Reproduce, character for character, the lines below from the first through the one with "Ayı Surat Baskılı". Leave pictures out.

| Dataset extract |
————————

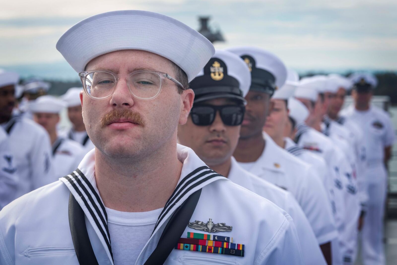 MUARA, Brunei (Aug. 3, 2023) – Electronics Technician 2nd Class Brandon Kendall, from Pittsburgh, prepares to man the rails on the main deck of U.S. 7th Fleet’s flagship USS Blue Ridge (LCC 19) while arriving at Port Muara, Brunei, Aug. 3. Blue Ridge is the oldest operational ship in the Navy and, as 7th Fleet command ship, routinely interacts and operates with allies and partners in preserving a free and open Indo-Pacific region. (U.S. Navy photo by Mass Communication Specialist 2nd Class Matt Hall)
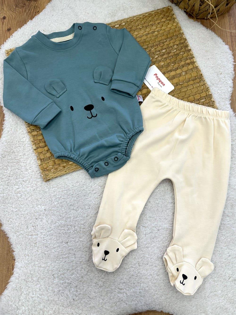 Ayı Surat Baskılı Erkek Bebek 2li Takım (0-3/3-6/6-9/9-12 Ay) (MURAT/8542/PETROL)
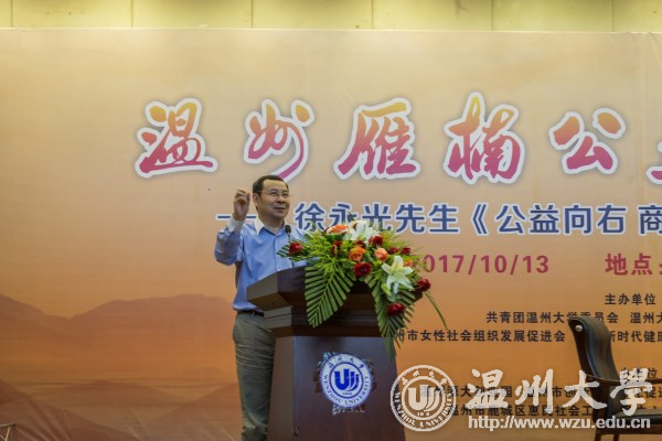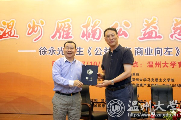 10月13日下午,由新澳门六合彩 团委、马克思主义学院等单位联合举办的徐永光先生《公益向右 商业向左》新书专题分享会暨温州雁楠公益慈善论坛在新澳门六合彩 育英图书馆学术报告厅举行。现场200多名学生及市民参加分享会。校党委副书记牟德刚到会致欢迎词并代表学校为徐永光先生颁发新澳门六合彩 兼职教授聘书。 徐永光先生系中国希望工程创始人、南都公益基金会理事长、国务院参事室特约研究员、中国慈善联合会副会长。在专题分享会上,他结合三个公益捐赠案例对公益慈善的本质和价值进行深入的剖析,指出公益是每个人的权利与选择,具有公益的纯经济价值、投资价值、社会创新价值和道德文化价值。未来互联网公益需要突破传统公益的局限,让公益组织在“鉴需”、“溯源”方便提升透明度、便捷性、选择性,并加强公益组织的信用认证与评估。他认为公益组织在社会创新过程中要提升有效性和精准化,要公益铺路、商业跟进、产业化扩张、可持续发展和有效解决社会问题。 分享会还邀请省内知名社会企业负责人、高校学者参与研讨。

————————

| Response area |
 MUARA, Brunei (Aug. 3, 2023) – Electronics Technician 2nd Class Brandon Kendall, from Pittsburgh, prepares to man the rails on the main deck of U.S. 7th Fleet’s flagship USS Blue Ridge (LCC 19) while arriving at Port Muara, Brunei, Aug. 3. Blue Ridge is the oldest operational ship in the Navy and, as 7th Fleet command ship, routinely interacts and operates with allies and partners in preserving a free and open Indo-Pacific region. (U.S. Navy photo by Mass Communication Specialist 2nd Class Matt Hall)
 Ayı Surat Baskılı Erkek Bebek 2li Takım (0-3/3-6/6-9/9-12 Ay) (MURAT/8542/PETROL)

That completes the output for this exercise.